◆ Material for this exercise:
------------------------------------------------------------------------

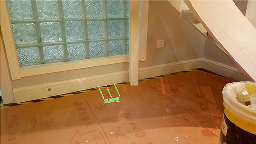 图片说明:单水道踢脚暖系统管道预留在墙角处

------------------------------------------------------------------------

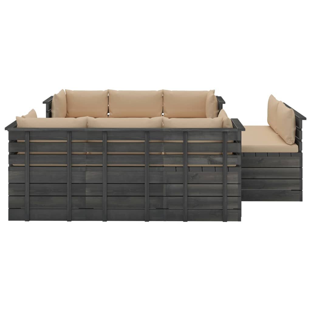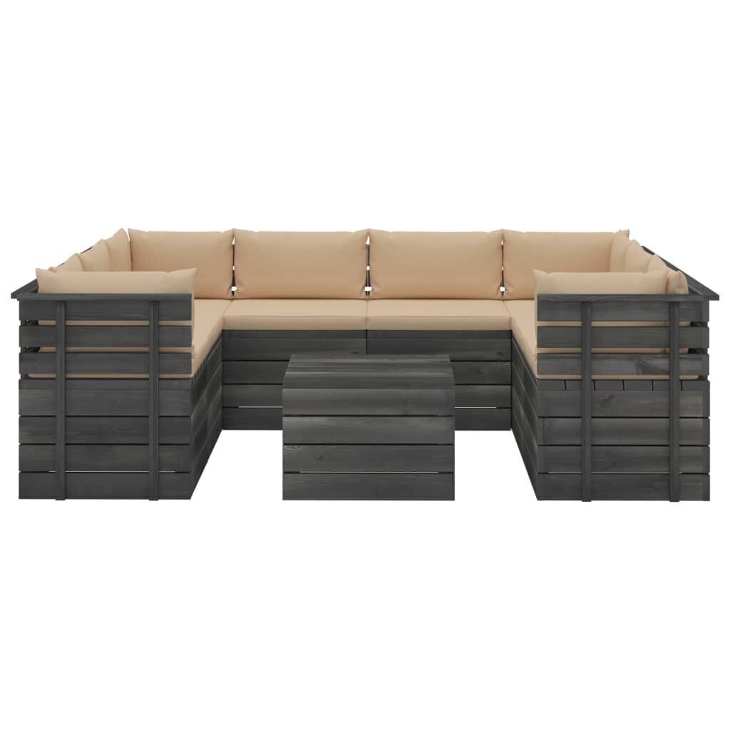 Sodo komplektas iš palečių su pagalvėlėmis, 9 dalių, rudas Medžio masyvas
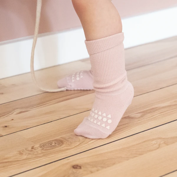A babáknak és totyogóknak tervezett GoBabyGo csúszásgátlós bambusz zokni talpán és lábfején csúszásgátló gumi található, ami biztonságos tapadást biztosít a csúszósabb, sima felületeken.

------------------------------------------------------------------------

◆ Activity:
Range to copy from the listing above: the line with "Sodo komplektas iš" through the line with "A babáknak és". Transcribe it exactly and skip the pictures.

◆ Result of the task:
 Sodo komplektas iš palečių su pagalvėlėmis, 9 dalių, rudas Medžio masyvas
A babáknak és totyogóknak tervezett GoBabyGo csúszásgátlós bambusz zokni talpán és lábfején csúszásgátló gumi található, ami biztonságos tapadást biztosít a csúszósabb, sima felületeken.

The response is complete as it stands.